The Helium mass fraction from the Big Bang Nucleosynthesis

Question

In Perkin's book Particle Astrophysics (page 144): I do not understand how one comes to the following expression (the second equality with $r$) for the Helium mass fraction due to the Big Bang Nucleosynthesis:

$$Y= \frac{4N_\text{He}}{4N_\text{He}+N_\text{H}}= \frac{2r}{1+r} $$ where $r=N_\text{n}/N_\text{p}$.

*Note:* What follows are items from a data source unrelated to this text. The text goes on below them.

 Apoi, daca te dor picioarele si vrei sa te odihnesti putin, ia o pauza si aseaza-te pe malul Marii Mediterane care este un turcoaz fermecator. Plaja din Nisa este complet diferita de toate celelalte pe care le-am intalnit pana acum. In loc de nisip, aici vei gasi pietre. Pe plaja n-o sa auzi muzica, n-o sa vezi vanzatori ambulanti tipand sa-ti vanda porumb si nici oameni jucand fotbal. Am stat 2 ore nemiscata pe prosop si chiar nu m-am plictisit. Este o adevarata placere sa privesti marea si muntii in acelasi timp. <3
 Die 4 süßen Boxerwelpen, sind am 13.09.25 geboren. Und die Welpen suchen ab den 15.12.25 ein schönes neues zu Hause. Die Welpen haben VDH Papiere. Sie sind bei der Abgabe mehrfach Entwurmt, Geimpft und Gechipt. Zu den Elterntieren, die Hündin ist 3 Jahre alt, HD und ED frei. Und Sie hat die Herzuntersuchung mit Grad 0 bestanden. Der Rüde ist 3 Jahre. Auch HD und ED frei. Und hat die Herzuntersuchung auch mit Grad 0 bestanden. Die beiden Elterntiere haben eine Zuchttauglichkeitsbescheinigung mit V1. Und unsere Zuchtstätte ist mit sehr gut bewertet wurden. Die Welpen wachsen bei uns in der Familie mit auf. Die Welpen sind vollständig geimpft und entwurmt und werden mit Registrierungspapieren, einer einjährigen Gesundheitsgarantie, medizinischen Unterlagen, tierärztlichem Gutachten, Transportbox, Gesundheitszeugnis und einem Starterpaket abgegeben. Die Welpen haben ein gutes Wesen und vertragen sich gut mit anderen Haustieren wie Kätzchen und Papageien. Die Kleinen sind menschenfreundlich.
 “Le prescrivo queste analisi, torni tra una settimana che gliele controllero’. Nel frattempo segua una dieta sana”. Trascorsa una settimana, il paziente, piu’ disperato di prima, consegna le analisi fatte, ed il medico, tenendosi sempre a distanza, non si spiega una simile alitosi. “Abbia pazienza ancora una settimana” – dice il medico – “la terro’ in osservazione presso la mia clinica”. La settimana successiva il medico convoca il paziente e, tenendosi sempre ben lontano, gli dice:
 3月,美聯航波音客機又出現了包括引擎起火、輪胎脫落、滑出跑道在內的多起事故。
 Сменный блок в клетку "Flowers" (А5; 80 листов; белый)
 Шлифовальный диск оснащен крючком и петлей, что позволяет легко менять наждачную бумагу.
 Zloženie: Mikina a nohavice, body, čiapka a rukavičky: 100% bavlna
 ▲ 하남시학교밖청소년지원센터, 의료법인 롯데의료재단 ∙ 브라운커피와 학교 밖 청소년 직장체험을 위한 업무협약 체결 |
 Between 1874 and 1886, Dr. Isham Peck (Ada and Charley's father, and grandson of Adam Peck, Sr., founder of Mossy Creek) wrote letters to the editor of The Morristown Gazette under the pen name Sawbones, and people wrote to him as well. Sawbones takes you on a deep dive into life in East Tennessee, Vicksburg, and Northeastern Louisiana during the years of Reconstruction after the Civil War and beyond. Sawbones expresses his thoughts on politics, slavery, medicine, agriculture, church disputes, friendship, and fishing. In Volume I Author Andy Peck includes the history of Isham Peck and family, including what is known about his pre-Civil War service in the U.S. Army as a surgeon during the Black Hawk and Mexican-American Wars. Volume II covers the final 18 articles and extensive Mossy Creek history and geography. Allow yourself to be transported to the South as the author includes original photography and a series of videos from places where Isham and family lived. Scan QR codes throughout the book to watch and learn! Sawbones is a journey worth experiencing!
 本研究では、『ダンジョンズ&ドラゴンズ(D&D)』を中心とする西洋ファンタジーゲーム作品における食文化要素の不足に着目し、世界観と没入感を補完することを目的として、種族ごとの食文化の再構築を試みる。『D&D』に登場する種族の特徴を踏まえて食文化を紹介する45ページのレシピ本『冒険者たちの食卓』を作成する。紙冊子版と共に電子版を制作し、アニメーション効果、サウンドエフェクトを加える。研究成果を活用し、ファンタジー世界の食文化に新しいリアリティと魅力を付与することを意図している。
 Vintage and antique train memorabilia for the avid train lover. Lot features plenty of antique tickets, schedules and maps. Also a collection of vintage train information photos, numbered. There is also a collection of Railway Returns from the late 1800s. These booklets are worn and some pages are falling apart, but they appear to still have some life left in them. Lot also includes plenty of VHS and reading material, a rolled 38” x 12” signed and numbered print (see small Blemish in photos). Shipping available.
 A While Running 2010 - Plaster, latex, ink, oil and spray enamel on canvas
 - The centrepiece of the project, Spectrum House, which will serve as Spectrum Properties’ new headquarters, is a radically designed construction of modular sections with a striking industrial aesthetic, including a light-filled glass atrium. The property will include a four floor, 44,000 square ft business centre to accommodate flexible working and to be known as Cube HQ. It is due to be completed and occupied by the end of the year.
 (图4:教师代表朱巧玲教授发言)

The first equality follows from the fact that He is (approximately) 4 times heavier than H: $$Y = \frac{m_\text{He}}{m_\text{He}+m_\text{H}}= \frac{4N_\text{He}}{4N_\text{He}+N_\text{H}}.$$

However I can't derive the second equality relating $Y$ to $r$:

$N_\text{He}= 2N_\text{p} + 2N_\text{n}$ and $N_\text{H}= N_\text{p} + N_\text{n}$

$$Y= \frac{4N_\text{He}}{4N_\text{He}+N_\text{H}}= \frac{8(N_\text{n}+N_\text{p})}{9(N_\text{n}+N_\text{p})}\quad???$$

Answer 1

The problem is you have the wrong relations between $\{N_\mathrm{H}, N_\mathrm{He}\}$ and $\{N_\mathrm{p}, N_\mathrm{n}\}$. Every hydrogen contains 1 proton, and every helium contains 2, so $N_\mathrm{p} = N_\mathrm{H} + 2 N_\mathrm{He}$. The neutrons are only contributed to by helium in the accounting: $N_\mathrm{n} = 2 N_\mathrm{He}$. Inverting these relations yields \begin{align} N_\mathrm{H} & = N_\mathrm{p} - N_\mathrm{n} \\ N_\mathrm{He} & = \frac{1}{2} N_\mathrm{n}. \end{align}

It looks like you got the direction wrong, in the sense that there should be fewer helium nuclei than protons or neutrons (the 2's are on the wrong side). Also, "hydrogen" means ${}^1\mathrm{H}$ not ${}^2\mathrm{D}$ unless otherwise stated.